Tang Dynasty, 7th – Early 8th Century
shown standing in tribhanga pose with one hip slightly cocked, wearing a thin dhoti loosely tied with a sash at the waist and a pendant on a simple necklace on the chest, holding a chauri (fly whisk) in the raised right hand and an amrita bottle with a lotus bloom rising from a tall stalk in the left hand, the principal head of the bodhisattva well cast with delicate features set in a compassionate gaze and crowned by a pyramidal arrangement of ten small heads, with long scarves draped over the shoulders and trailing down on either side of the bare feet on an hourglass-form pedestal decorated with radiating lotus petals and raised on a five-tier stepped base resting on a separate hexagonal table-shaped platform with high open sides, the figure backed by a separate openwork petal-shaped mandorla bordered by pointed flames rising from the ankles to a curved and pointed tip above the head, and with an inner framework of scrolling lotus centered by a circular halo, the gilding well preserved throughout, with scattered areas of bright green malachite encrustation.
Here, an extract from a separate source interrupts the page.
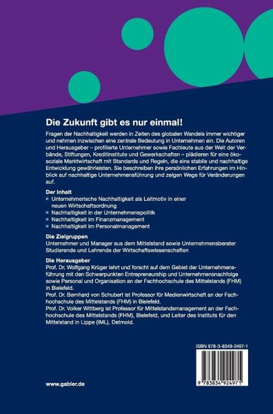 Fragen der Nachhaltigkeit werden in Zeiten des globalen Wandels immer wichtiger und nehmen inzwischen eine zentrale Bedeutung in Unternehmen ein. Die Autoren und Herausgeber - profilierte Unternehmer sowie Fachleute aus der Welt der Verbände, Stiftungen, Kreditinstitute und Gewerkschaften - plädieren für eine ökosoziale Marktwirtschaft mit Standards und Regeln, die eine stabile und nachhaltige Entwicklung gewährleisten. Sie beschreiben ihre persönlichen Erfahrungen im Hinblick auf nachhaltige Unternehmensführung und zeigen Wege für Veränderungen auf.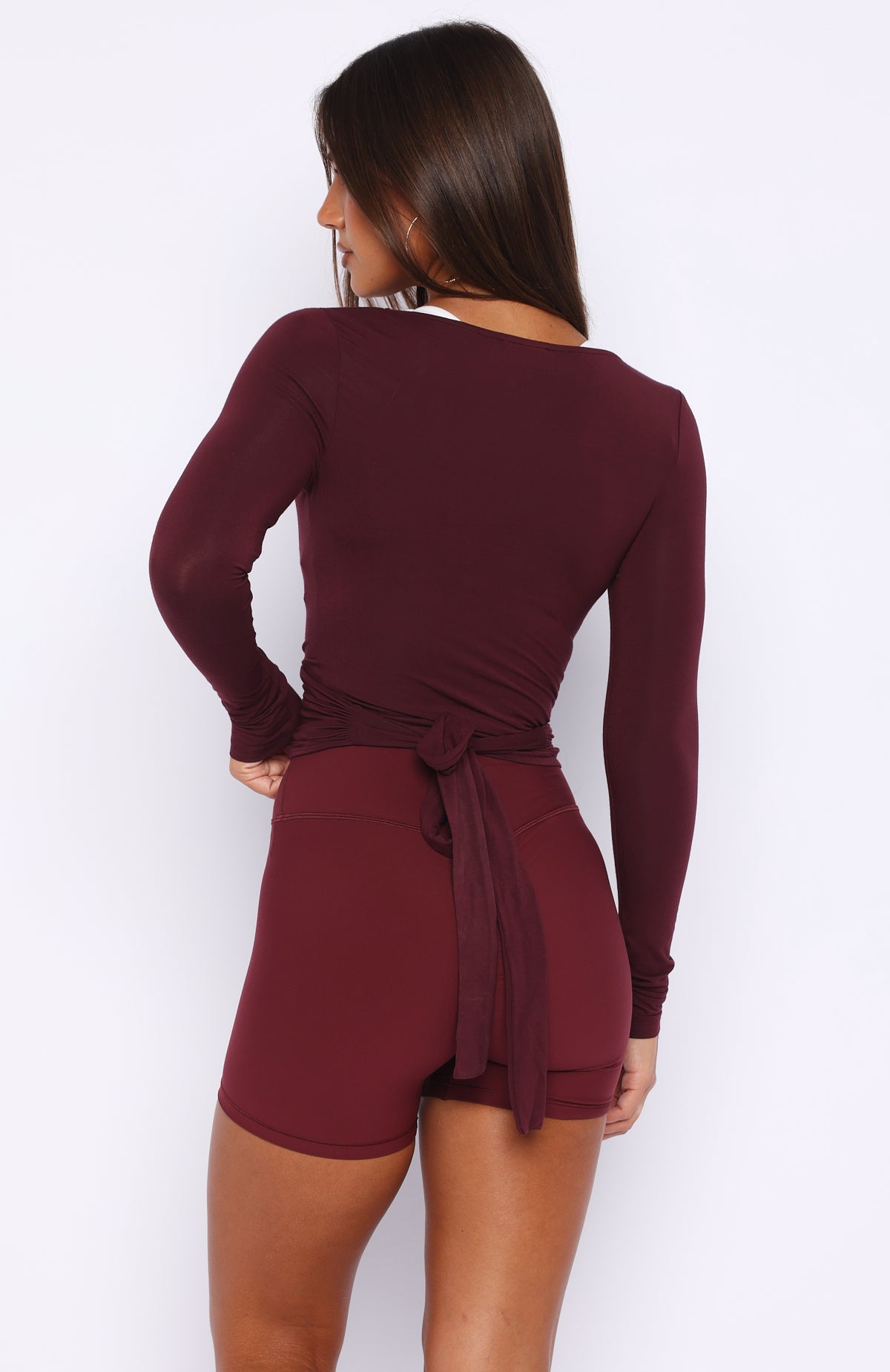 The Staying Cute Long Sleeve Wrap Top in Merlot is a dreamy layering piece that effortlessly blends comfort with style. Crafted from slightly sheer. unlined fabric with a touch of stretch. it features a flattering V-neckline. long sleeves. and self-tie straps for a customisable fit. Pair with a matching active set for a look we love.

Height 11 3⁄4 inches (30 cm)
A similar Tang dynasty gilt bronze figure of Eleven-Headed Guanyin (Ekadasamukha Avalokitesvara) on hourglass-form pedestal raised on a table-shaped platform and backed by a petal-shaped mandorla in the Shanghai Museum is illustrated in Zhongguo wenwu jinghua daquan: qingtong juan (The Compendium of Chinese Art: Bronzes), Hong Kong, 1994, p. 356, no. 1274.
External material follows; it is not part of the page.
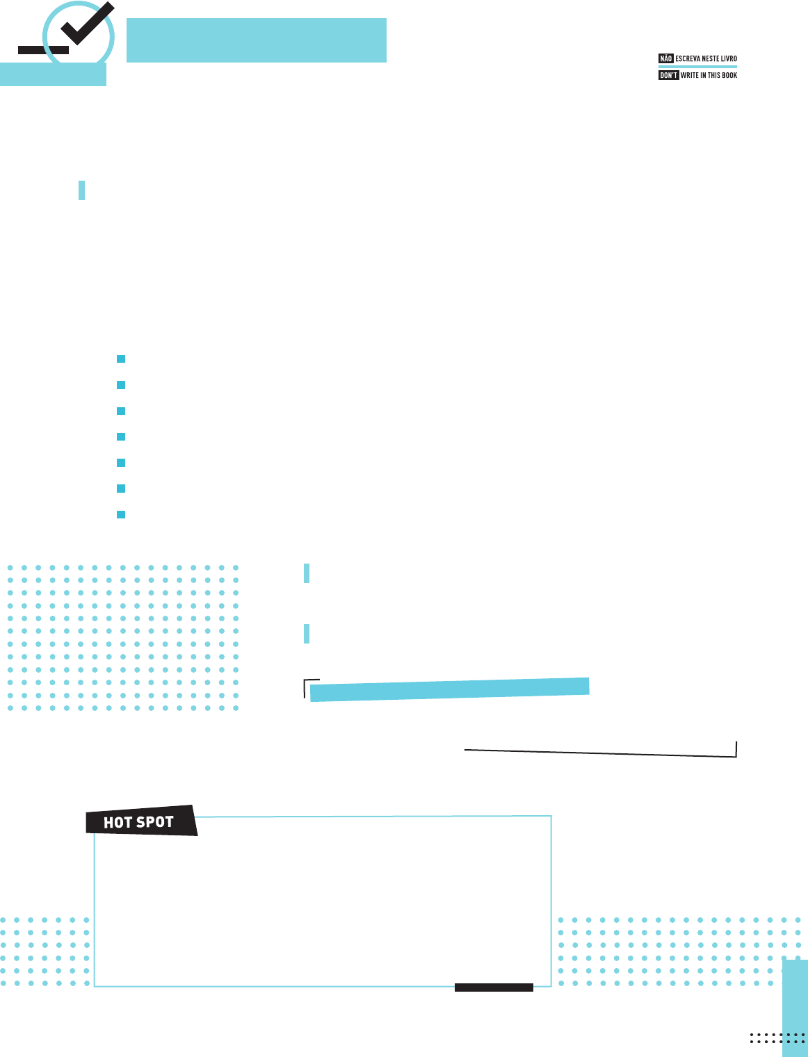 SELF–ASSESSMENT Nesta unidade, conve rsamos sobre temas relacionados à tecnologia aplicada à educação. Chegou o momento de refl etir sobre seu aprendizado ao longo da unidade. Vamos começar? 1 Como você avalia a sua aprendizagem com relação aos tópicos a seguir? Enumere os itens de 1 a 3 de acordo com a legenda. Use o caderno. 1 Ainda sinto muita dificuldade com este assunto e não consegui realizar a maioria das atividades propostas. 2 Aprendi o assunto, mas em algumas ocasiões senti dificuldade em realizar as atividades propostas. 3 Aprendi o assunto e realizei a maioria das atividades propostas com facilidade. ( ) Ler um infográfico sobre tecnologia e educação. ( ) Reconhecer e utilizar vocabulário relacionado ao tema da unidade. ( ) Ouvir sobre recentes mudanças na educação. ( ) Fazer uma pesquisa sobre digital literacy em sites confiáveis. ( ) Conhecer e utilizar as formas do Present Continuous. ( ) Preencher um formulário para inscrição em um curso on-line. ( ) Fazer uma introdução pessoal em um curso on-line. Respostas pessoais. 2 O que você mais gostou de aprender nesta unidade? O que menos gostou? 3 O que não aprendeu muito bem e precisa de estudo extra? Os links a seguir podem ajudá-lo(a) em seus estudos: • EZEKIEL, Rebecca. Learn English Tenses: Present Continuous (Present Progressive). Learn English with Rebecca. Disponível em: https://www.youtube.com/watch?v=w04YVmJR4w4. • WHAT Are Credible Websites? Hartness Library. Disponível em: https://www.youtube.com/watch?v=AFEwwG7rq0E. Acesso em: 5 ago. 2020. Keep a record of every new word you learn and try to use it whenever you can. How can I become a lifelong learner? 29 VU_INGLES_Julia_g21At_014a029_U01_LA.indd 29VU_INGLES_Julia_g21At_014a029_U01_LA.indd 29 9/27/20 10:58 AM9/27/20 10:58 AM 2 Social Networks for Social Transformation LEARNING PATH Nesta Unidade, você vai: • ler um meme e conhecer as características do gênero; • ler um article sobre o uso de redes sociais e seu impacto na sociedade; • conhecer o vocabulário relacionado a redes sociais; • pesquisar cultura de cancelamento; • ouvir trecho de um programa jamaicano sobre cuidados a serem tomados em redes sociais; • reconhecer e utilizar there is / there are, some / any, many / much; • produzir um vídeo-minuto para divulgar um movimento social; • produzir um meme com base nos temas discutidos. A BNCC NESTA UNIDADE Competências gerais: 1 e 5 Competências específicas de Linguagens e suas Tecnologias para o Ensino Médio: 1, 2, 3, 4 e 7 Temas contemporâneos transversais: Vida familiar e social, Ciência e tecnologia As habilidades estão listadas no início de cada seção. V K A /S h u tt e rs to ck Veja encaminhamentos para o trabalho com esta Unidade no Manual do Professor. 30 VU_INGLES_Julia_g21At_030a045_U02_LA.indd 30VU_INGLES_Julia_g21At_030a045_U02_LA.indd 30 9/27/20 10:58 AM9/27/20 10:58 AM

Another similar Tang dynasty gilt bronze figure of Eleven-Headed Guanyin is illustrated by Gabbert in Bestandskatalog des Museums Für Ostasiatische Kunst der Stadt Köln, Buddhistische Plastik Aus China und Japan, Wiesbaden, 1972, pp. 304-305, no. 93.
Compare also the gilt-bronze figure of Eleven-Headed Guanyin without mandorla, illustrated in Homage to Heaven, Homage to Earth: Chinese Treasures of the Royal Ontario Museum, Toronto, 1992, p. 169, no. 97.